1. **Prepare the AI Studio Service**
- Visit the [Paddle AI Studio community](https://aistudio.baidu.com/pipeline/mine) and log in.
- In the "PaddleX Pipeline" section under "More" on the left, navigate to [Create Pipeline] - [OCR] - [General OCR] - [Deploy Directly] - [Text Recognition Module, select PP-OCRv5_server_rec] - [Start Deployment].
- Once deployed, obtain your **Service Base URL** (e.g., `https://xxxxxx.aistudio-hub.baidu.com`).
- Get your **Access Token** from [this page](https://aistudio.baidu.com/index/accessToken).
2. **Locate the MCP Configuration File** - For details, refer to the [Official MCP Documentation](https://modelcontextprotocol.io/quickstart/user).
- **macOS**: `~/Library/Application Support/Claude/claude_desktop_config.json`
- **Windows**: `%APPDATA%\Claude\claude_desktop_config.json`
- **Linux**: `~/.config/Claude/claude_desktop_config.json`
3. **Add MCP Server Configuration**
Open the `claude_desktop_config.json` file and add the configuration by referring to [5.1 AI Studio Service Configuration](#51-ai-studio-service-configuration).
**Note**:
- Do not leak your **Access Token**.
- If `paddleocr_mcp` is not in your system's `PATH`, set `command` to the absolute path of the executable.
4. **Restart the MCP Host**
Restart Claude Desktop.

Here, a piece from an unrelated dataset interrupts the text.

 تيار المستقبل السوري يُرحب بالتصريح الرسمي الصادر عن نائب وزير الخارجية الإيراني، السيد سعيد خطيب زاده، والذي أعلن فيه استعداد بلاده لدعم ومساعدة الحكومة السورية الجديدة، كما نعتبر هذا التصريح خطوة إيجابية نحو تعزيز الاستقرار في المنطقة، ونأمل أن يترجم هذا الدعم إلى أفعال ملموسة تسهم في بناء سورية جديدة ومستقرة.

The new `paddleocr-ocr` tool should now be available in the application.
## 3. Configuration
### 3.1. MCP Host Configuration
In the Host's configuration file (e.g., `claude_desktop_config.json`), you need to define how to start the tool server. Key fields are:
- `command`: `paddleocr_mcp` (if the executable is in your `PATH`) or an absolute path.
- `args`: Configurable command-line arguments, e.g., `["--verbose"]`. See [4. Parameter Reference](#4-parameter-reference).
- `env`: Configurable environment variables. See [4. Parameter Reference](#4-parameter-reference).
### 3.2. Working Modes Explained
You can configure the MCP server to run in different modes based on your needs.
#### Mode 1: AI Studio Service (`aistudio`)
This mode calls services from the [Paddle AI Studio community](https://aistudio.baidu.com/pipeline/mine).
- **Use Case**: Ideal for quickly trying out features, validating solutions, and for no-code development scenarios.
- **Procedure**: Please refer to [2. Quick Start](#2-quick-start).
- In addition to using the platform's preset model solutions, you can also train and deploy custom models on the platform.
#### Mode 2: Local Python Library (`local`)
This mode runs the model directly on your local machine and has certain requirements for the local environment and computer performance. It relies on the installed `paddleocr` inference package.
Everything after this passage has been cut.